高市首相の答弁をきっかけに相変わらず拗れ続けている日中関係、というか中国側が一方的に拗ねているだけのようにも見えますが、その影響で東京・上野動物園で展示されているジャイアントパンダの「シャオシャオ」と「レイレイ」の2頭が、中国側の要請に基づき返還されることになったとのことです。現時点で日本にいるパンダはこの2頭のみなので、返還後は日本からパンダの姿が消えることになります。

このせいで上野動物園のパンダ舎には長蛇の列ができているようですが、やはり当分、もしかしたらもう一生見られなくなると思ったら慌てて見に行きたくなるものでしょうか。私はパンダなんて「ちょっと変わった模様の大人しい熊」くらいにしか見ておらず、どちらかといえばレッサーパンダのほうが好きなくらいなので、それほどの思いにはなれません。

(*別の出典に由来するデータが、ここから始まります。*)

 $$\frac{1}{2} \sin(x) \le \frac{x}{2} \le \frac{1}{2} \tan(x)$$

ただ、これがもし象で、日本から象がいなくなる、アフリカやインドに行かないと見ることができない、というようなことになったとしたら、やはりちょっと見ておきたいと思うかもしれません。

まあ別にパンダを貶したいわけではないのですが、気に入らないのは中国共産党です。パンダがたまたま中国にしか生息していないからといって政治的に利用しようという魂胆、外交カードになると思っているところが浅ましいというか浅はかというか…。もともとパンダが日本にやってきたのは日中国交正常化を記念して、友好の証としてということのはずですから、それを取り上げるということはもう友好関係は存在しないと言っているに等しく、宣戦布告にも近い…というのは言い過ぎにしても、共産党指導部は一体どういうつもりなのでしょうか。

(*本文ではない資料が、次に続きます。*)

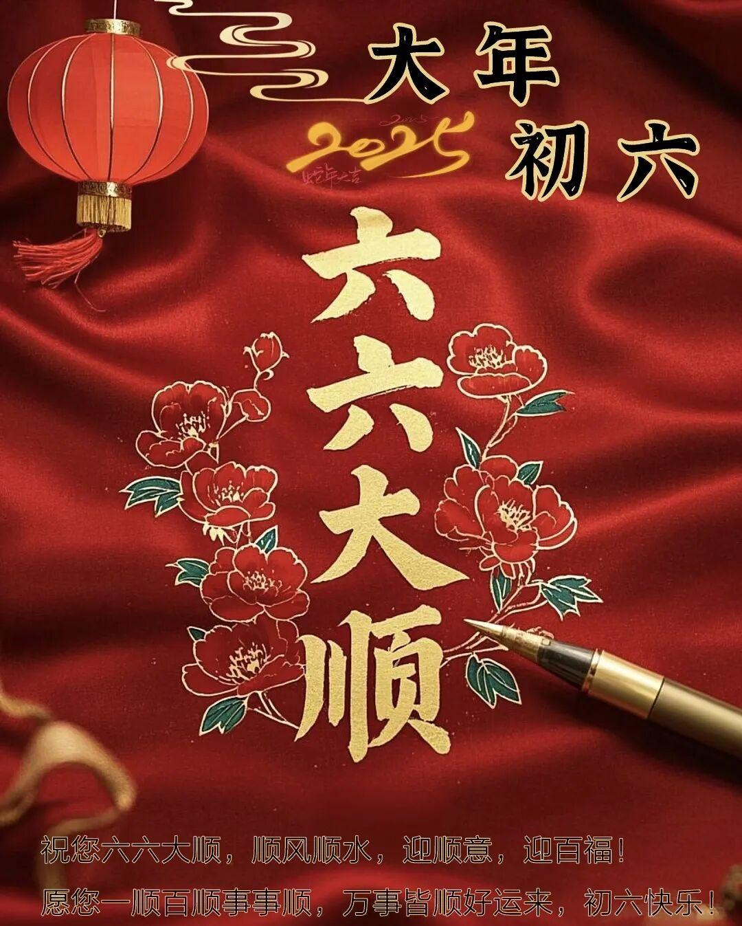 初六到,好運繞!願新的一年,煩惱“溜”走,快樂“留”下;黴運“散”開,福氣“聚”來。六六大順,喜氣洋洋!

しかしもう動物園のあり方も変わってきている今、見世物にしかならないパンダが本当に必要なのか、考え直すいい機会なのかもしれません。いっそまた今度中国側の気が変わって貸してくれると言われても、「もういい」と断ることができれば大したものです。まあ、集客力は随一のはずなので、どの園も経営的には喉から手が出るほど欲しいところでしょうが。